I think this is a pretty important idea.  I think that rejecting it in favor of things like "cognitive behavior" leads to all kinds of bad consequences for, for example, Rupert and, sometimes, Clark.

Tuesday, August 10, 2010

Why Neurons Don't Have Conventional Content

Finally, Adams and Aizawa reject the notion that cognitive content could be conventionally determined. They do this because agreement on what an artifact means is dependent on the artifact being publically accessible; for example, we can make "bad" or "cool" into positive adjectives by agreement. However, we cannot do this with neuronal states; we cannot agree that a group of neurons will mean something by agreement. This, Adams and Aizawa claim, gives us reason "to believe that cognitive content is not normally derived via any sort of social convention" (ibid., p. 73).
I'm not sure that our argument here comes through in Menary's explication.  Take things like white flags, idiot lights on automobile gas tanks, and the bells on timers.  One thing that seems to be requisite to establishing their conventional content is that they be publicly accessible.  One can easily and directly tell when they are tokened.  By contrast, we cannot easily and directly tell when particular brain states, such as when certain neurons are active, are tokened.  We might infer that some brain-internal meaningful state occurred, but that would not be like the detection of a token of surrender flag.

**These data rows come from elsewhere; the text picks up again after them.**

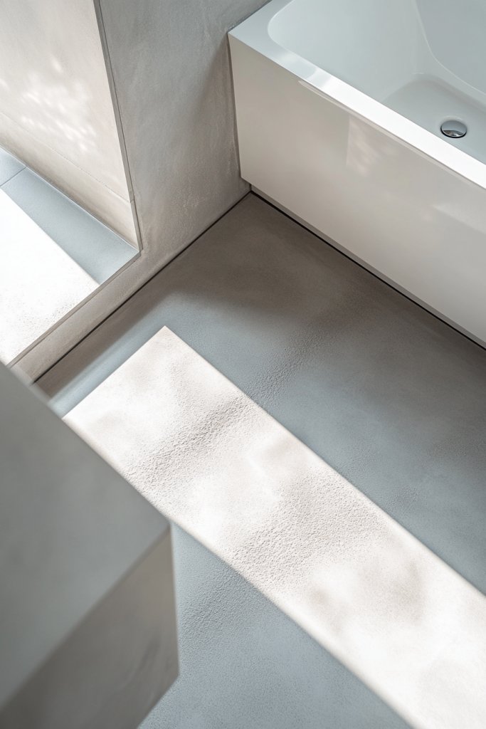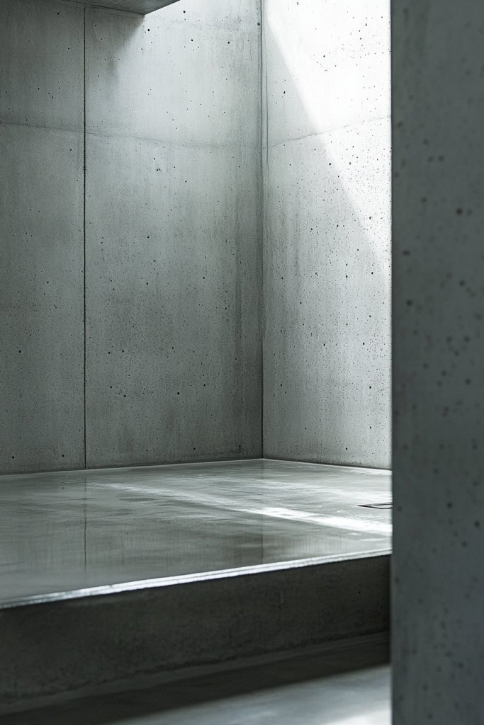 Picture a space where the entire shower area is wrapped in a single slab of textured concrete, flowing from floor to wall with no interruptions. The surface has a matte finish, accentuating its natural character. Light reflects softly off the smooth, uninterrupted surface, creating a calming, spa-like atmosphere. The lack of seams makes the space feel larger and more cohesive, emphasizing clean lines and minimalist elegance. Shadows play along the curves and edges, adding depth.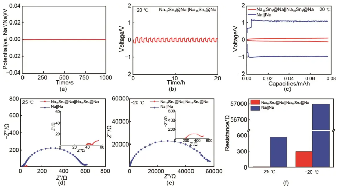 图5 (a) Na15Sn4@Na相对于Na+/Na的开路电位曲线;(b) Na15Sn4@Na||Na15Sn4@Na对电池在-20 ℃低温下的循环性能曲线;(c) Na15Sn4@Na||Na15Sn4@Na和Na||Na对电池在-20 ℃的充放电曲线,Na15Sn4@Na||Na15Sn4@Na和Na||Na对电池在 (d) 25和(e) -20 ℃的Nyquist阻抗谱;(f) Na15Sn4@Na||Na15Sn4@Na和Na||Na对电池在25和-20 ℃阻抗对比图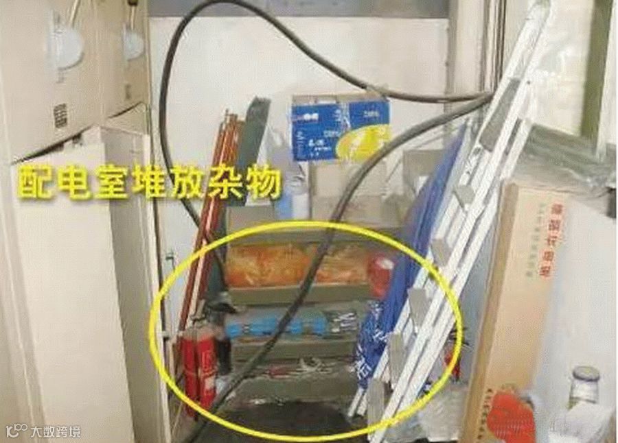 排查依据:GB/T 13869-2008《用电安全导则》6.5:一般环境下,用电产品以及电气线路的周围应留有足够的安全通道和工作空间,且不宜堆放易燃易爆和腐蚀性物品。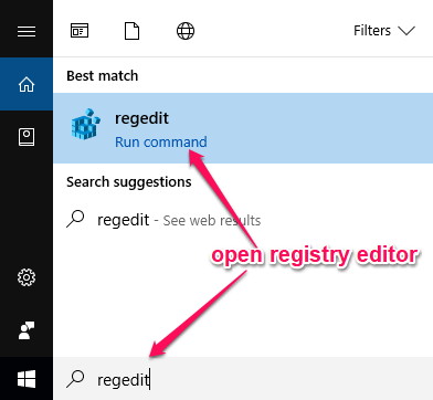 Step 1: To get started, simply type “regedit” in the search bar at the bottom of your PC screen. Then click on the “regedit” program to open up the Registry Editor.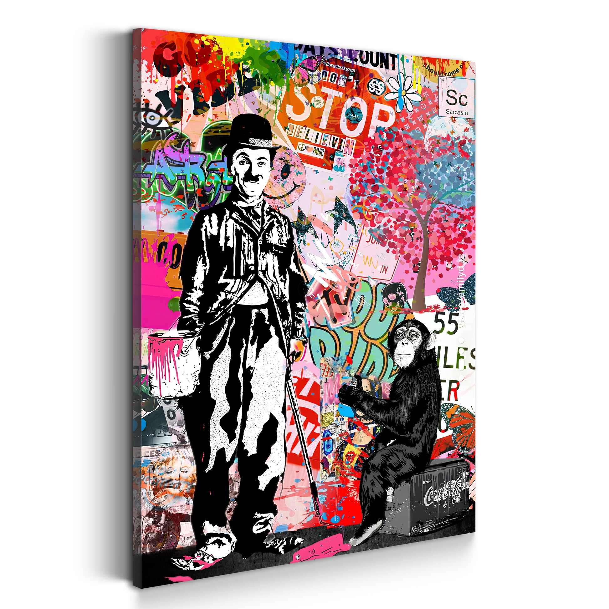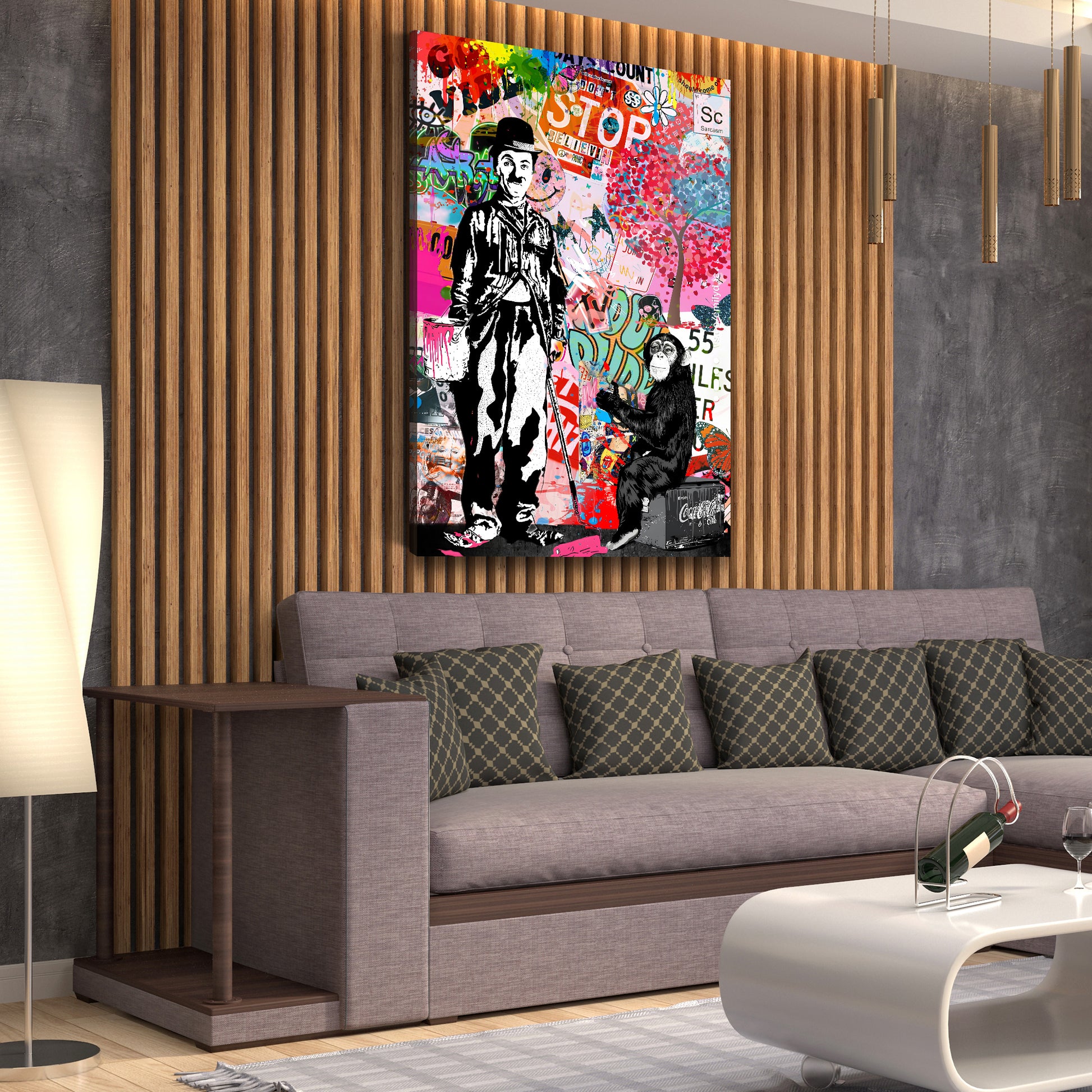 Charlie und Affe im bunten Graffiti Style Wandbild Kunstwerk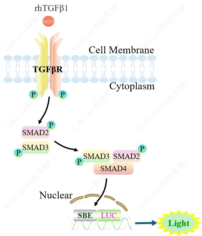 SBE-Luc HEK293 報告基因細胞,是由 SBE 調(diào)控并表達 Luc 熒光素酶報 告基因的 HEK293 細胞。TGF-β與受體結(jié)合,激活 SBE 的原理見下圖所示。![]() Figure 1. SRE-Luc HEK293 細胞模型原理圖 |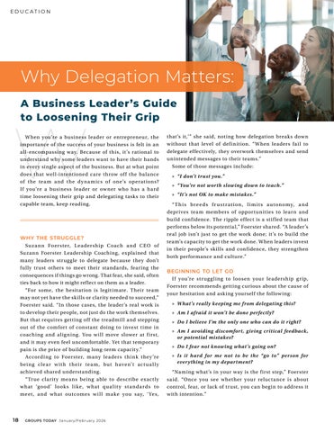 WHY THE STRUGGLE? Su z a n n Foerster, L eadersh ip Coach a nd CEO of Suzann Foerster Leadership Coaching, explained that many leaders struggle to delegate because they don’t fully trust others to meet their standards, fearing the consequences if things go wrong. That fear, she said, often ties back to how it might ref lect on them as a leader. “For some, t he hesitat ion is leg it imate. T heir tea m may not yet have the sk ills or clarit y needed to succeed,” Foerster said. “In those cases, the leader’s real work is to develop their people, not just do the work themselves. But that requires getting off the treadmill and stepping out of t he comfor t of constant doing to invest t ime in coaching and a lig ning. You w ill move slower at f irst, and it may even feel uncomfortable. Yet that temporar y pain is the price of building long-term capacit y.” Accord i ng to Foerster, ma ny leaders t h i n k t hey ’re bei ng c lea r w it h t hei r tea m, but h aven’t ac t u a l l y achieved shared understanding. “Tr ue cla r it y mea ns being able to descr ibe exact ly w hat ‘good’ look s l i ke, w hat qu a l it y st a nda rd s to meet, a nd w hat outcomes w i l l ma ke you say, ‘Yes,
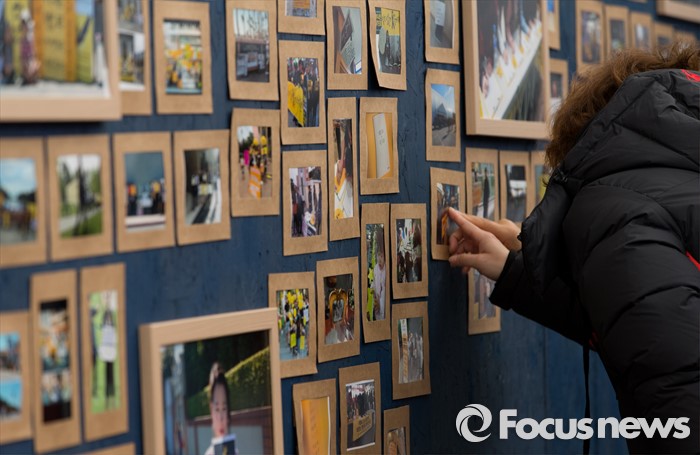 (서울=포커스뉴스) 15일 오후 서울 광화문광장에서 416가족협의회와 4.16연대가 세월호 700일 기획전시 개관식 및 2주기 추모의 달 공표 기자회견 후 기획전시관을 살펴보고 있다.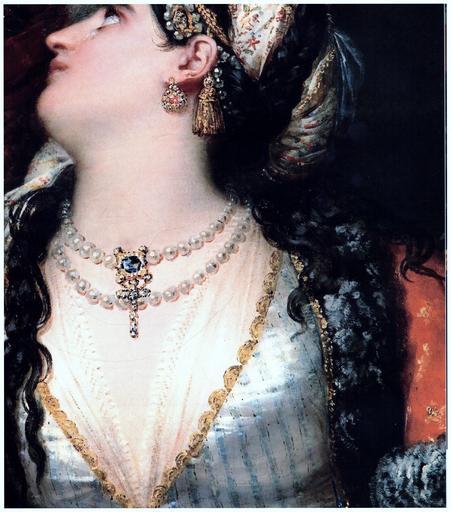 | Keywords: Monvoisin, Raymond - Ali Pacha y Vasiliki -1832 ost 345x272 PalCous frg3.2.jpg Artwork Creator Raymond Monvoisin Fragmento del cuadro El albanés musulmán Alí Pashá de Yánina fue el gobernante de los Balcanes cuando estos formaban Rumelia una provincia del imperio otomano; Kira Kyra Vasiliki una griega y cristiana era su esposa favorita 1832 oil on canvas cm 345 272 Institution Palacio Cousiño object history El cuadro fue expuesto por primera vez en el Salón de París de 1833 y estuvo entre la veintena de pinturas que Monvoisin se llevó consigo cuando zarpó hacia Chile credit line Varias variaciones que Monvoisin habría hecho sobre el tema de Alí Pacha y Vasiliki han aparecido en subastas accession number scan de Raimundo Monvoisin Origo Ediciones 2008 PD Ali Pasha Vassiliki 1832 <gallery>File Monvoisin Raymond - Ali Pacha y Vasiliki -1832 ost 345x272 PalCous 1 jpg File Monvoisin Raymond - Ali Pacha y Vasiliki -1832 ost 345x272 PalCous frg1 jpg File Monvoisin Raymond - Ali Pacha y Vasiliki -1832 ost 345x272 PalCous frg2 jpg</gallery> Other pictures of Ali Pasha Vassiliki attributed to Monvoisin<gallery>File Monvoisin Raymond - Ali Pacha et Vasiliki -wtrclor pencil 55x51 jpg File Monvoisin Raymond - Ali Pasha with his favourite mistress Lira Vassiliki -sothebys2015 jpg File Monvoisin Raymond - Ali Pacha et Vasiliki -Gros Delettrez2014 jpg</gallery> Custom license marker 2015 09 20 PD-old-100 Ali Pasha Raymond Quinsac Monvoisin 1832 paintings Paintings in the Palacio Cousiño |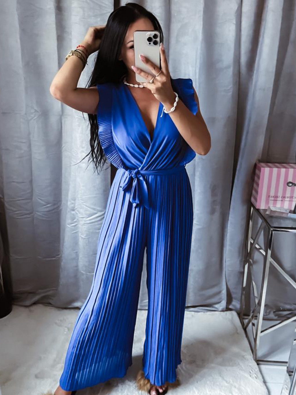 Vrchný diel v zavinovacom vzhľade doplnený volánom. Overál s gumičkou v páse doplnený opaskom vo farbe overálu.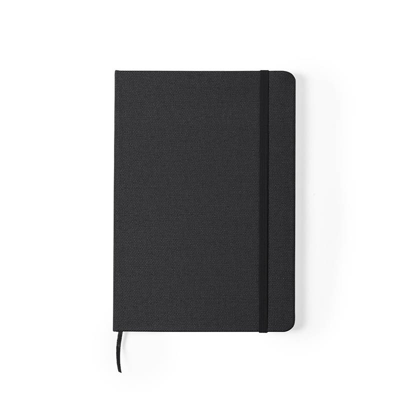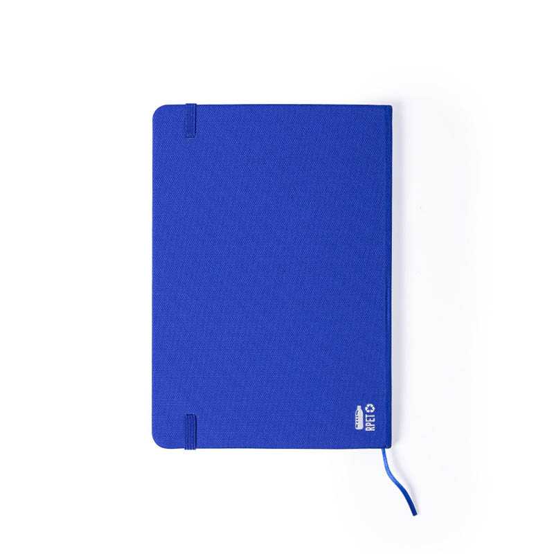 NOVINKA 2025. Nature line notepad with hard covers in 600D RPET, made from recycled plastic to encourage the reuse of plastic waste and contribute to the sustainability of the planet. Available in a wide range of colours, includes 80 single-stripe sheets. With elastic band and matching fabric bookmarks. RPET badge on the back.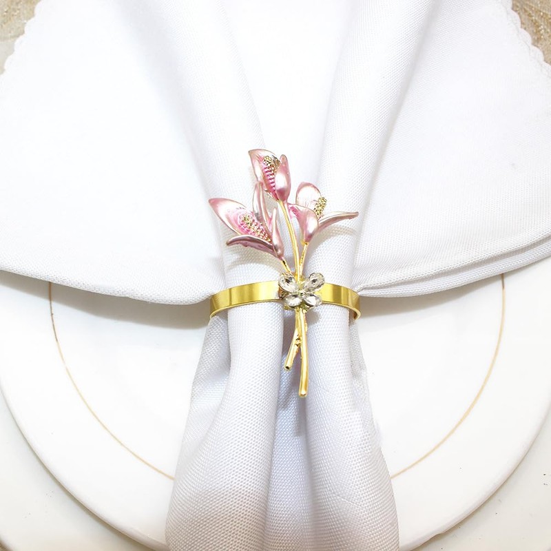 Gold Lily Napkin Rings Set of 6,Metal Napkin Ring Holders with Rhinestone for Wedding Fall Thanksgiving Christmas Fall Party Holiday Banquet Delicate Serviette Buckles Decor Favor (Lily-Pink)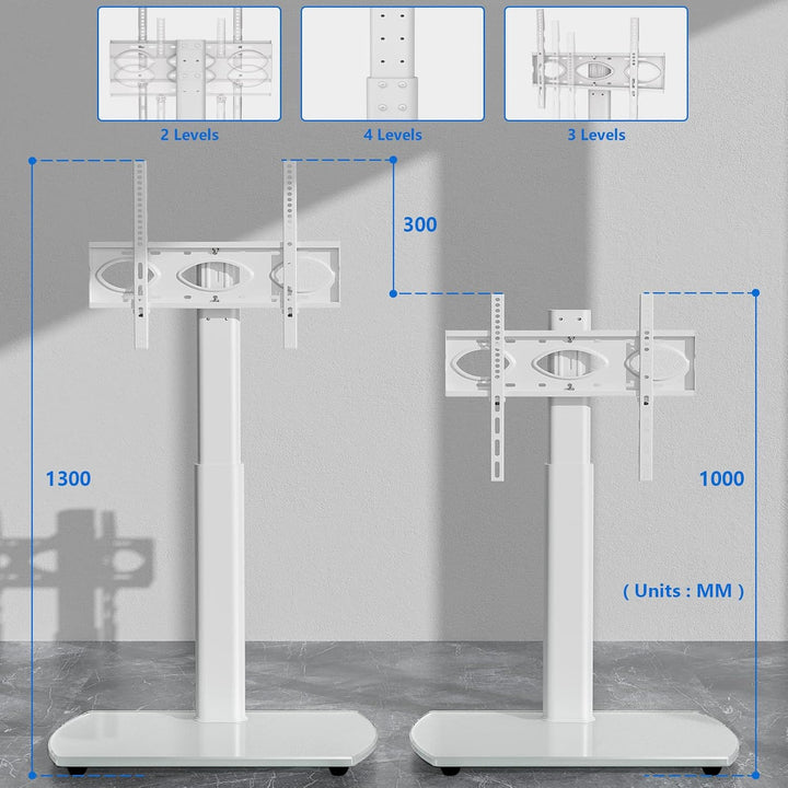 - Höhenverstellbare und schwenkbare Halterun:Der hohe TV Ständer hat eine Höhenverstellung von 1000-1300 mm, mit verschiedenen Höhenvariationen, und es kann auch 60° nach links und rechts geschwenkt werden, um Ihnen einen bequemen Blickwinkel zu geben.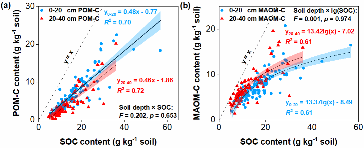 针对上述问题,我院宋照亮教授课题组基于全国104个稻田采样点的样本分析,揭示了POM与MAOM在不同土层(表层与亚表层)和气候带(中温带、暖温带、亚热带和热带)的分布规律及其环境调控因素。研究发现,MAOM在土壤有机碳中占比达45.3%–63.7%,尤其在亚表层土壤中贡献更为突出,表明MAOM是水稻土中更稳定、更核心的长期碳库(图1)。随着土壤有机碳总量升高,MAOM的积累速率会逐渐放缓,表现出“饱和”趋势;而POM则呈现线性增长,意味着对于已经富含有机碳的水稻土,通过管理措施继续提升POM库,是未来增强土壤碳汇能力的更有效途径(图2)。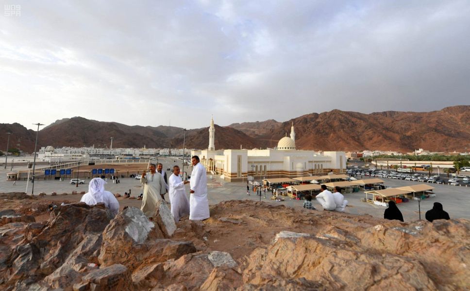 يقبل الزائرون خلال شهر رمضان على مسجد وميدان سيد الشهداء في المدينة المنورة، الذي يعد معلماً بارزاً دارت في محيطه أحداث معركة أُحد الشهيرة.

Thinking about this now, I can see someone going after this argument.

Monday, August 9, 2010

The Ambiguity of "Constitution"

Hurley (chapter 6) and Ross and Ladyman (chapter 7) are concerned about the very nature of the alleged fallacy. Hurley complains that philosophers employ the causal-constitutive distinction, on which the causal coupling fallacy trades, without motivating or explaining the distinction in detail. Ross and Ladyman argue that the distinction itself is not used in mature sciences such as economics and physics. (Menary, 2010, p. 13).
Another important thing to note is that "constitute" has at least two meanings.  "X constitutes a cognitive process" could mean something like X is a part, among perhaps others, that gives rise to a cognitive process.  On this reading, "X constitutes a cognitive process" would be closely related to "X realizes a cognitive process".  Alternatively, "X constitutes a cognitive process" could mean simply that X is a cognitive process.  Compare: That constitutes a good answer = That is a good answer.

So, on this second reading, the coupling-constitution distinction comes down to a distinction between X causing, or being caused by, a cognitive process, versus X being a cognitive process.  The nice thing about the word "constitution" is that it does have this ambiguity, which picks up on the ambiguity I think is to be found in the EC literature.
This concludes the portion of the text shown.